After locating the line that contains "A 19thC burr" in the data below, set down exactly that line and each one after it through the line that contains "Cumhurbaşkanı Recep Tayyip", and nothing more.
[Records shown — start]
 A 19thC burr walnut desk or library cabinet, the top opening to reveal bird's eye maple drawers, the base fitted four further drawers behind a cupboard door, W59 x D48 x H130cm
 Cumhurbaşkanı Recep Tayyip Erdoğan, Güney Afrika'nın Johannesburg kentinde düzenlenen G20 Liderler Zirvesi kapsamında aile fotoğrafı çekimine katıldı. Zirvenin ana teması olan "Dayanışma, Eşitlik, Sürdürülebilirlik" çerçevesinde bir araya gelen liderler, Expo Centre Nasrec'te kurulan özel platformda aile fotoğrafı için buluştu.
[Records shown — finish]
[Records shown — start]
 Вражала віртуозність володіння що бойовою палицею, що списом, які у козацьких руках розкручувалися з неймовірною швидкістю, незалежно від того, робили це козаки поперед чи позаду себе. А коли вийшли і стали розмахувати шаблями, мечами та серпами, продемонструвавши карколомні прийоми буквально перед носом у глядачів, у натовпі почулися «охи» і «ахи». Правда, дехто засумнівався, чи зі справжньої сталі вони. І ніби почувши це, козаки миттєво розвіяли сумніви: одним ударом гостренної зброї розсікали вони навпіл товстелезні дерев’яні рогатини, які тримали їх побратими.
[Records shown — finish]
=== Solved exercise ===
 A 19thC burr walnut desk or library cabinet, the top opening to reveal bird's eye maple drawers, the base fitted four further drawers behind a cupboard door, W59 x D48 x H130cm
 Cumhurbaşkanı Recep Tayyip Erdoğan, Güney Afrika'nın Johannesburg kentinde düzenlenen G20 Liderler Zirvesi kapsamında aile fotoğrafı çekimine katıldı. Zirvenin ana teması olan "Dayanışma, Eşitlik, Sürdürülebilirlik" çerçevesinde bir araya gelen liderler, Expo Centre Nasrec'te kurulan özel platformda aile fotoğrafı için buluştu.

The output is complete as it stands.